Students and youth who desire a radical alternative to Powershift have been drawn to anarchism. Anarchists have been at the forefront of radical organizing against global warming, as well as of radical ecological theory; the primitivist (“green anarchist”) and social ecologist strands of anarchism present deep critiques of capitalist society and even civilization itself, which have attracted many young people.(4)

Anarchist ecological groups such as Rising Tide North America put their trust in “direct action” tactics, and organize actions in which protesters physically block operations of coal mines and power plants. Rising Tide and other direct-action oriented groups are attempting to expand their base through the Mobilization for Climate Justice, a coalition which has called for a nationwide day of “direct actions and educational events” on November 30th (a Monday).
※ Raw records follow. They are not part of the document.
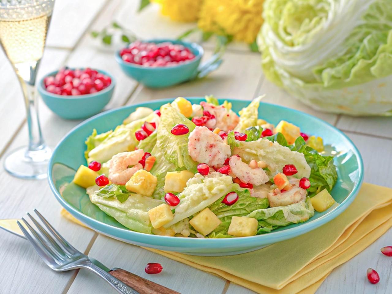 Шаг 1. Как сделать салат Стрелы Амура с креветками, гранатом, ананасом и пекинской капустой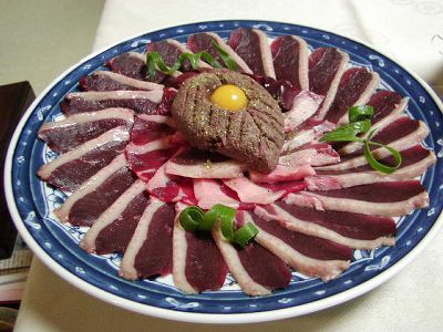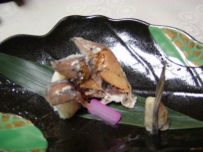 鮒寿司。初めて食べたがうまかった。チーズ苦手な人はダメだろうな。これは「はやなれ」というタイプでご飯も食べるもの。古来からある鮒寿司はご飯は発酵させるためのもので食べたりはしないらしい。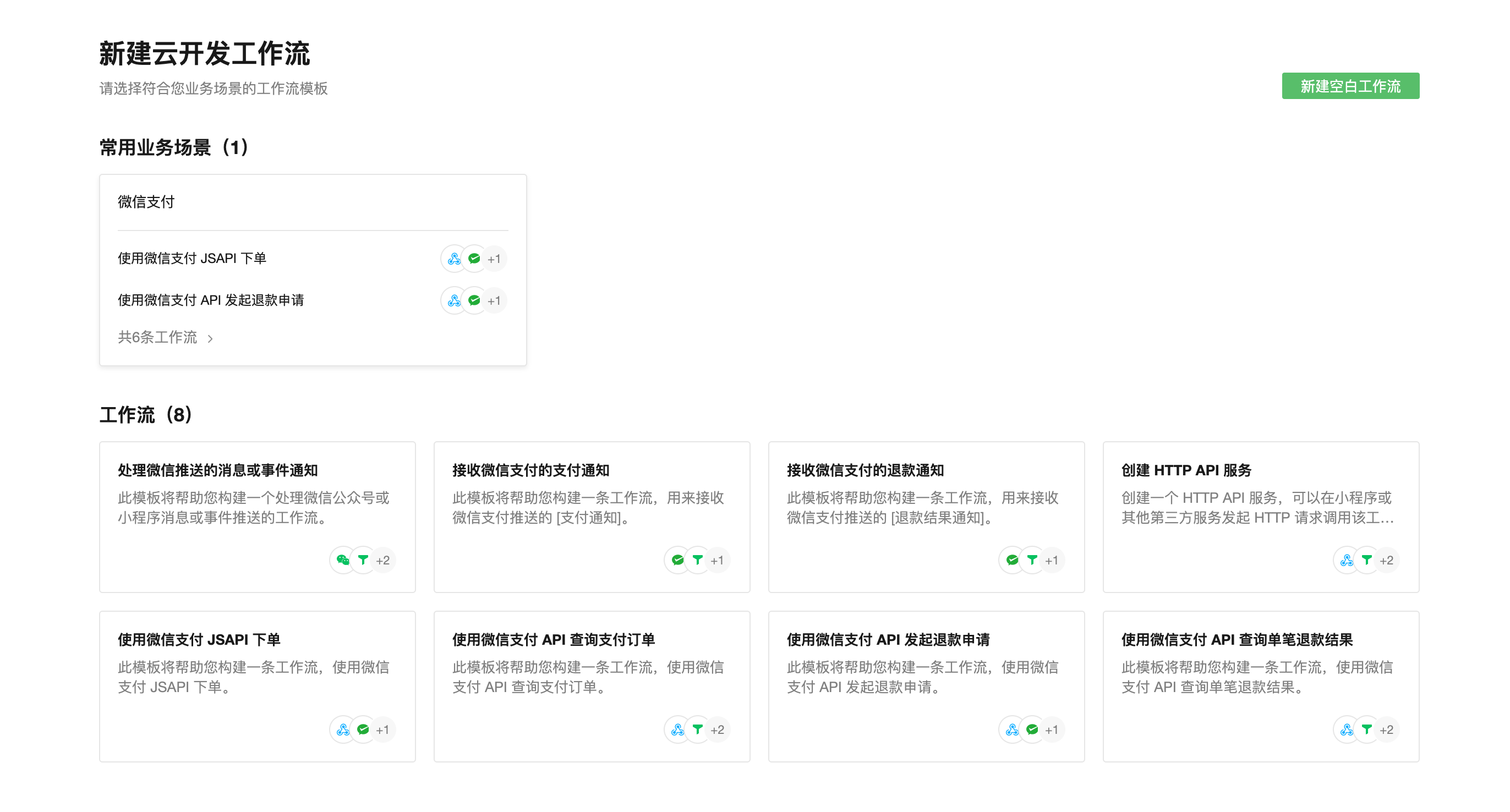 上周微信云开发上线了「工作流」能力。支持通过拖拉拽的方式搭建流程,支持调用、时间、消息通知、支付等多种驱动场景的业务计算,主要目的是降低开发门槛,提升开发效率。

Direct action has pushed the envelope tactically and offered students and young people a radical alternative to lobbying; these galvanizing actions are the most exciting prospect right now for many young radicals concerned by climate change. Direct action by itself, however, though militant, is not really radical, as it confronts the physical sources of climate change without raising questions about the social sources. And while direct action tactics can energize a demonstration (e.g. Seattle, 1999), they rely on the action of a small, committed group rather than mass participation.

Moreover, because of their ideological distrust of the state, anarchists are limited to making negative demands; they cannot introduce a counterprogram of their own that makes positive proposals for an energy transition. Despite these limitations, anarchists deserve respect as the most energetic radical current organizing against climate change, and their participation in the organizing of mass demonstrations should be encouraged.

The 350.org Campaign

A third initiative which is mobilizing people is the 350.org campaign. Founded on the premise that atmospheric carbon concentrations must be brought below 350 parts per million  (the concentration is presently about 385 ppm), 350.org calls for global actions on October 24th to put forth this idea in advance of the Copenhagen talks.

The actions are intended to spread awareness of the problem, rather than confront its sources; suggested actions include “rally” (not “demonstration”), “bike ride,” and “concert.” 350 lacks a political strategy; the logic seems to be that if the “350” slogan pops up in enough places, this target will magically go on the table at the Copenhagen climate talks.

Though not particularly developed politically, 350 is significant is that it is mobilizing environmentally-minded middle class people. Educated people have long been aware of the dangers of global warming, but for the most part have limited their action to ineffective and moralistic lifestyle changes like buying hybrid cars.

Such people have also been the financial backbone of mainstream environmental groups, and it is an enormous step forward to engage them in some form of political action. 350 promises to mobilize many; the site lists hundreds of planned actions throughout the US. Though it is more “action en masse” than “mass action,” 350 will activate people who are entirely new to political action, many of whom will be pulled leftward by demonstrations in December and beyond.

The disparate forces of the “climate justice movement” may come together through demonstrations in December. International demonstrations have been called for Saturday, December 12th, in the middle of the Copenhagen summit; these demonstrations would bring together the people who were mobilized at Powershift and the two fall days of action, as well as many new people.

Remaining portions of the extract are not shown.